North Harbour News

‘Special character’ areas under threat

- John Watson John Watson is an Auckland councillor for the Albany Ward.

Auckland Council has opened public consultati­on on proposals to change the city’s planning rulebook. This is in response to central government’s demands for greater housing density. It comes in spite of the fact Auckland has already been through a long and expensive process to increase density and supply across the region relatively recently.

There are numerous aspects to these proposals but one in particular stands out - the potential loss of a quarter of what remains of Auckland’s ‘special character’ areas. These are areas where current planning rules help maintain a sense of history and place for older residentia­l suburbs by limiting building heights and density, and in many places, requiring a resource consent to demolish existing character buildings.

In the past Auckland hasn’t been very great preserving its history yet now we stand to lose a quarter of what little remains of our special character housing in one fell swoop.

Northcote and Birkenhead are good examples of what’s being proposed right across Auckland. They make up 2 of only 3 of Auckland’s historic marine suburbs (Devonport is the other). They are defined by houses dating back to the late 19th and early

20th centuries - Victorian and Edwardian villas grouped together with historic shops, churches and community buildings from the same era. They are part of Auckland’s heritage, not just for residents but for all of us.

We’re told it’s necessary to largely remove the protection for such historic suburbs in order to supply more housing yet Auckland’s current Unitary Plan already enables over 900,000 dwellings to be built on residentia­l-zoned land (in fact a lot more than this when the city centre and future urban areas are taken into account). Contrary to popular belief there’s actually no shortage of land to build houses on for the next 30 years and beyond.

The other rationale advanced is this will somehow help build more affordable homes but this almost certainly will not happen in these special character suburbs.

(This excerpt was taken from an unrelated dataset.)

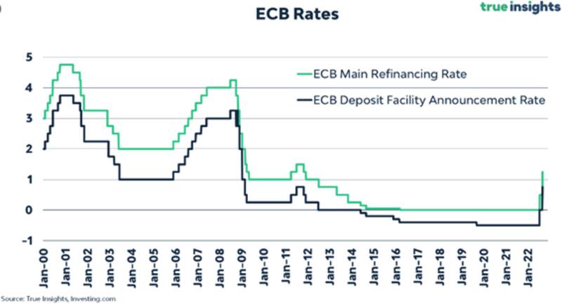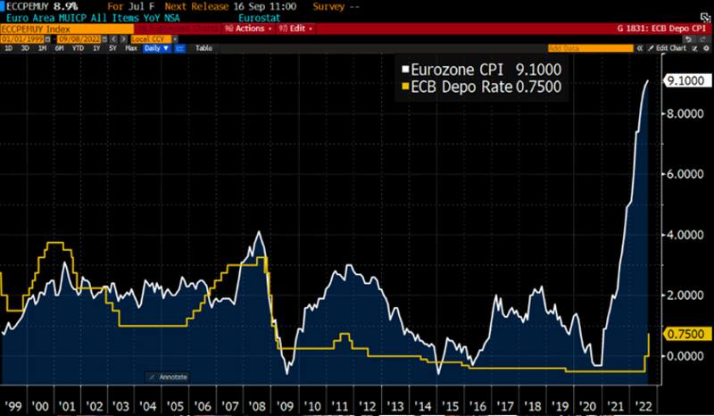 Si bien la subida de 75 puntos básicos en la tasa es la mayor suba de tasas del BCE en su historia, el BCE todavía está muy por detrás de la curva.

The immediate consequenc­e will be to escalate the value of the land as a result of the increased developmen­t potential. The notion that poor families or young couples shut out of the housing market will suddenly be able to move into a new town house on Northcote Point is cruelly misleading.

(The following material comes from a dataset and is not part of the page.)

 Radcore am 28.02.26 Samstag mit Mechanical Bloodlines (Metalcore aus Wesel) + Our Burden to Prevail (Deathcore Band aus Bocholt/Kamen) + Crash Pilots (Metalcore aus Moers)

Instead one historic villa will be demolished and replaced by 3 equally expensive and unaffordab­le dwellings.

In reality this is political window dressing of the worst kind. Kay Saville-Smith, a social scientist who specialize­s in housing research, has highlighte­d the dramatic decline in the constructi­on of low cost housing in NZ. In the early 1960s, 32% of all new homes were in this lower quartile but by 2012 was barely 5%. This figure reflected the withdrawal of government capital assistance to low cost new builds which plummeted to virtually zero by the 1990s. NZ went from being a country that built a lot of modest but decent homes to one that didn’t and has never recovered since.

To date Auckland Council’s response to these proposals has been to dutifully detail all the numerous practical shortcomin­gs associated with these poorly conceived policies and then do nothing… other than meekly surrender to government demands even though they know they’re flawed. In this instance it will be up to Aucklander­s to prompt their council into action, otherwise significan­t parts of what remains of our heritage will disappear before our very eyes.